ASME 1993 Nadai Lecture—Elastoplastic Stress and Strain Concentrations

[+] Author and Article Information
William N. Sharpe

Department of Mechanical Engineering, The Johns Hopkins University, Baltimore, MD 21218

J. Eng. Mater. Technol 117(1), 1-7 (Jan 01, 1995) (7 pages) doi:10.1115/1.2804366 History: Received July 13, 1994; Online November 27, 2007


Elastic stress concentration factors are familiar and easily incorporated into the design of components or structures through charts or finite element analysis. However when the material at the most concentrated location no longer behaves elastically, computation of the local stresses and strains is not so easy. Local elastoplastic behavior is an especially important consideration when the loading is cyclic. This paper summarizes the predictive capability of the Neuber and the Glinka models that relate gross loading to the local stresses and strains.
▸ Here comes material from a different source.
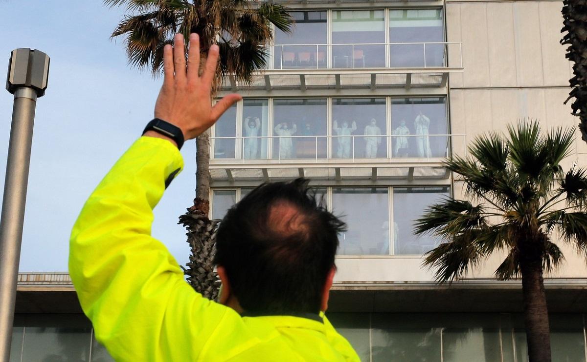 Un bărbat salută cadrele medicale aflate la geamul Spitalului del Mar din Barcelona | Sursa foto: Profimedia

The author and his students have used a unique laser-based technique capable of measuring biaxial strains over very short gage lengths to evaluate the two models. Their results, as well as those from earlier studies by other researchers using foil gages, lead to the general conclusion that the Neuber model works best when the local region is in a state of plane stress and the Glinka model is best for plane strain. There are intermediate levels of constraint that are neither plane stress nor plane strain. This paper presents a recommended practice for predicting the local elastoplastic stresses and strains for any constraint. First, one computes or estimates the initial elastic strains. Then, based on the amount of elastic constraint, one selects the appropriate model to compute the local elastoplastic stresses and strains.